I'm quite sure this would frustrate anyone - I have to be cautious on my computer around my parentals and siblings, mostly because of religious matters - but that's not all of it, it's also their ignorance. It's a pity that people such as those have the power to take something you find important away from you.
By the way, you can always try and remove the "AVG Family Safety" programme. You can google it, or look it up on YouTube. I've got a link here (http://www.avg.com/gb-en/faq.num-4416) which you could try out too.
I'm quite sure this would frustrate anyone - I have to be cautious on my computer around my parentals and siblings, mostly because of religious matters - but that's not all of it, it's also their ignorance. It's a pity that people such as those have the power to take something you find important away from you.
By the way, you can always try and remove the "AVG Family Safety" programme. You can google it, or look it up on YouTube. I've got a link here (http://www.avg.com/gb-en/faq.num-4416) which you could try out too.
Lols, I already know how to uninstall it, I just don't want to get in trouble. The guy that put the AVG Family Center on my computer also put a program called "LogMeIn" where he also connects with me. I know I could uninstall that too but he can do random checks on me annd if it is uninstalled, he will get VERY suspicious xP but thank you c:
Maybe we're thinking in the wrong direction, aye? Yes, I'm a nerd, but hear me out. Remember Malcolm X and MLK? X's plan was sabotage, but really, he's just proving the majority's opinion they were savages. MLK went with reason, and ultimately ended up doing more. If you want to prove you're responsible, you can't sabotage the program.
I've got two ideas. Number one is:
Perhaps ask your aunt if you can talk. Ask her which sites she doesn't like and her reasons. Don't argue with her, agree with her maybe, and let her finish her spiel. Make her feel good, like you really understand and she has good points. She can't have a fit if you agree with everything.

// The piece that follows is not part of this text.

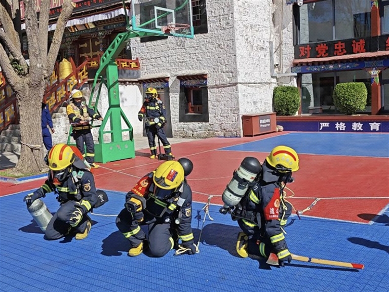 布達(dá)拉宮是一座“文化寶庫(kù)”,對(duì)于這座古老建筑而言,火災(zāi)無(wú)疑是最大的威脅。1984年,一個(gè)消防班入駐布達(dá)拉宮,2018年發(fā)展為消防救援站。該站肩負(fù)著布達(dá)拉宮主體建筑及周邊兩平方公里范圍內(nèi)的防火滅火、應(yīng)急救援、重大安保、為民助民等重任。

Then isolate the more innocent of the bunch (like mediafire) and tell her that everything uploaded has been scanned for viruses and say that you know [insert whatever she had a fit about] is wrong and there's no reason you'd want to get it. Tell her you know why she did it and you're ok with it.
Then wait awhile. Be perfect on the web. Go maybe two, three weeks and ask her if she'd be willing to let you have a little more wriggle room. Tell her you'd though about it and want to test yourself or something.
Basically go with her plan and try to convince her you feel the same, and hopefully she'll let up.
Idea two kinda goes with this metaphore I came up with:
Lets say you have a two year old and a cookie. You tell him he's not allowed to eat it. But the kid's misbehaved before, so you assume he'll eat the cookie, and you glue it to the ceiling. Now, he CAN'T eat it nor can he prove he wouldn't if it was in reach.
Try writing a long, well-though out paper to her explaining in detail what you do online, why, which sites you access. Explain about terms she'd stumble over, like avatar, and tell her what every program is about. You can either go for the emotional angle and say how hurt you are she doesn't trust you; or ask her if, like the cookie story, she'd change to a program to copies your browsing history and you can show her that you never go astray.
And if by accident, you click a bad link, tell her and say you didn't think it would be what it was.
I feel for you, bro. My mom only let me use the computer for a fourth of the time I usually did last year, but I pulled my grades up and removed the ban.